HONG KONG: Thousands of Hong Kongers held vigils on Friday night for a student who died from a fall during recent protester clashes with police, triggering renewed violence.

Although the precise chain of events leading to 22-year-old Alex Chow’s fall last weekend is unclear and disputed, his death on Friday morning was the first student fatality during five months of demonstrations.

Protesters have made alleged police brutality one of their movement’s rallying cries and have seized on the death.

At the spot where Chow fell, thousands queued for hours in snaking lines to lay flowers, light candles and write condolence messages.

Activists also blocked roads and trashed subway station entrances, sparking cat and mouse confrontations with the police in multiple neighbourhoods.

In one incident, a group of outnumbered officers were surrounded in Yau Ma Tei district, forcing one to fire a warning shot, a police source said.

The death sent tensions soaring once more in a city reeling from five months of political chaos.

“Today we mourn the loss of a freedom fighter in Hong Kong,” Joshua Wong, a prominent pro-democracy campaigner, said on Twitter.

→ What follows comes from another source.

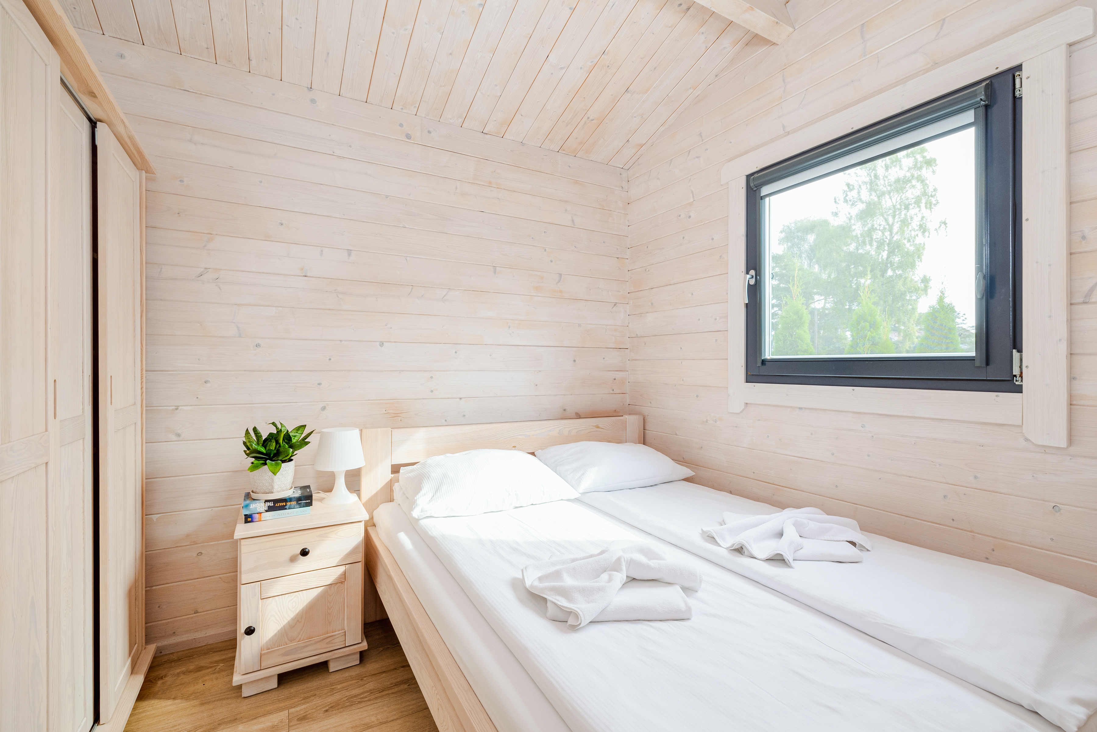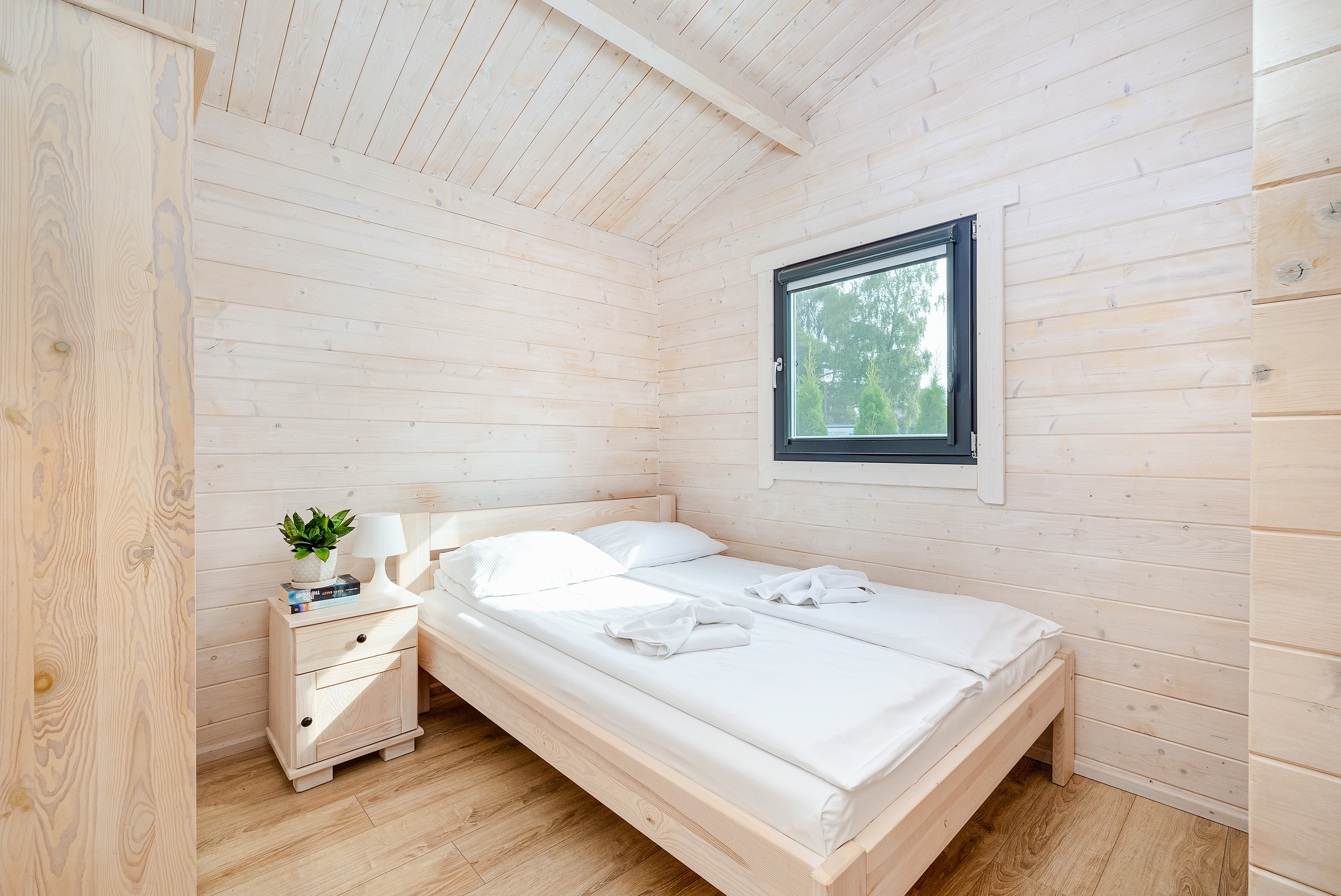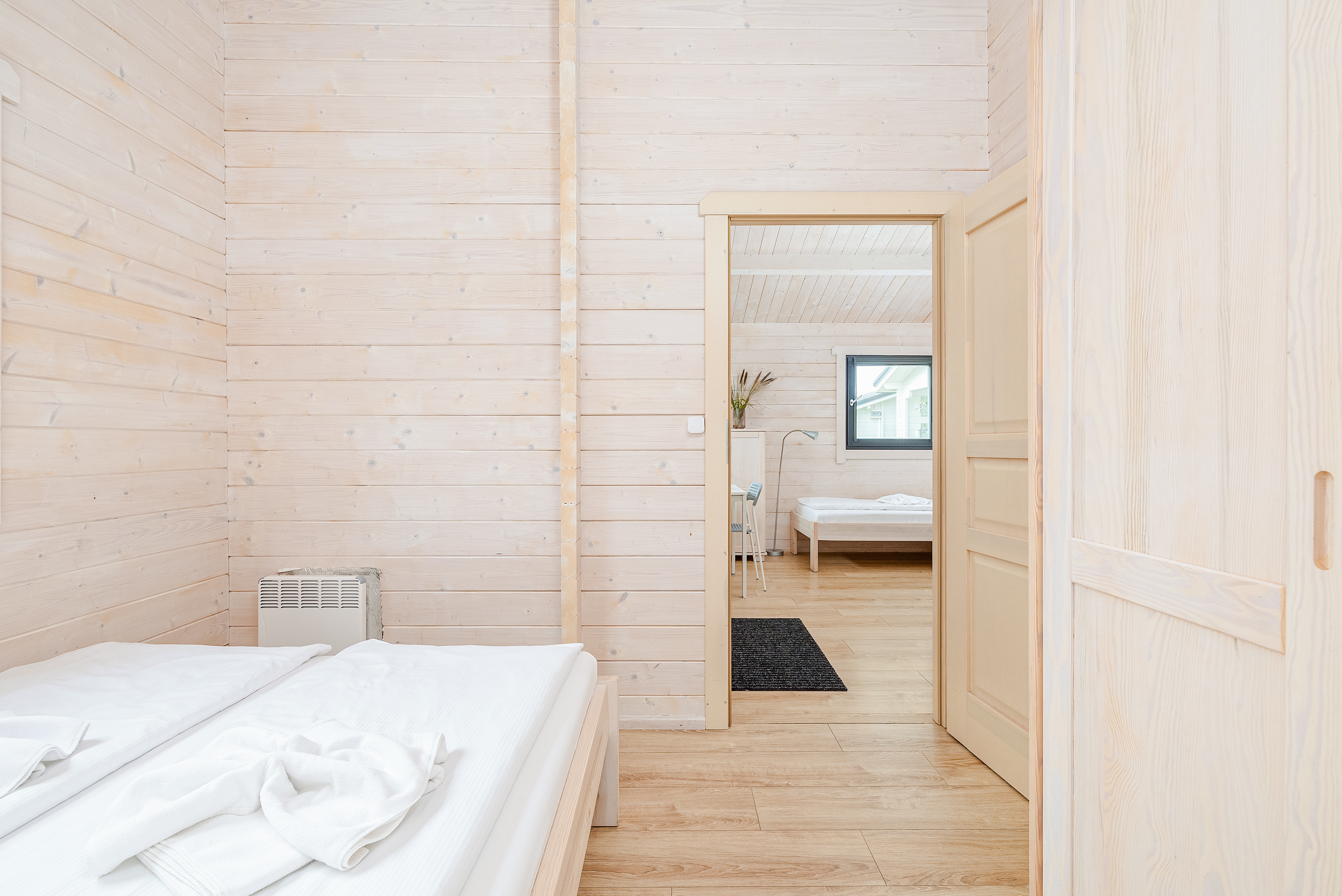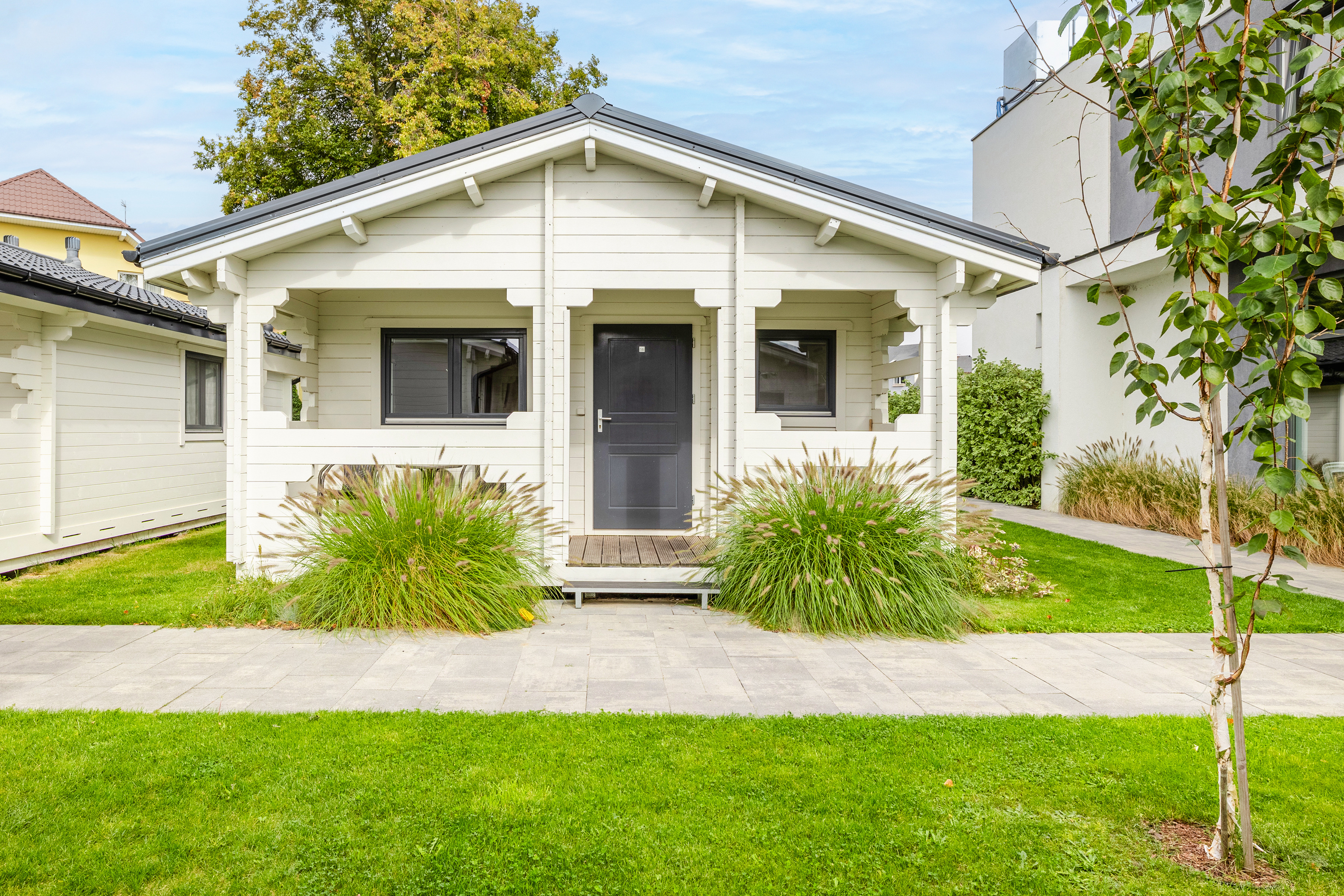 Schöne Ferienhäuser mit freundlicher Einrichtung im Chaletstil. Warmwasser über E-Boiler. Heizung über E-Radiatoren. Kleine Terrasse mit Sitzmöbeln, davor Rasenfläche. 1 Pkw-Stellplatz/Haus auf dem umzäunten Grundstück im Mietpreis inklusiv.

“The atmosphere in Hong Kong is like a ticking bomb,” added Lo Kin-hei, a local pro-democracy councillor and activist. “HKers don’t trust the police will give us the truth.”

Police have repeatedly denied any allegations of wrongdoing in relation to Chow’s death.

The lead officer in the case, Superi­nten­dent Ewing Wu, again insisted on Friday that police were not at fault.

“As for the allegations that police chased the deceased or that we pushed him and caused him to fall, the police hereby make a solemn statement again that nothing of the kind happened,” Wu told reporters.

Chow was taken to hospital early on Monday morning following clashes between police and protesters in the middle-class district of Tseung Kwan O. He died on Friday morning after failing to emerge from a coma.

He had been found lying unconscious in a pool of blood inside a multi-storey car park that police had fired tear gas towards.

Protesters had been hurling objects from the building, in the type of confrontation that has become routine. The car park has become a makeshift memorial with mourners laying down a growing sea of white flowers, sticky-note messages and paper cranes.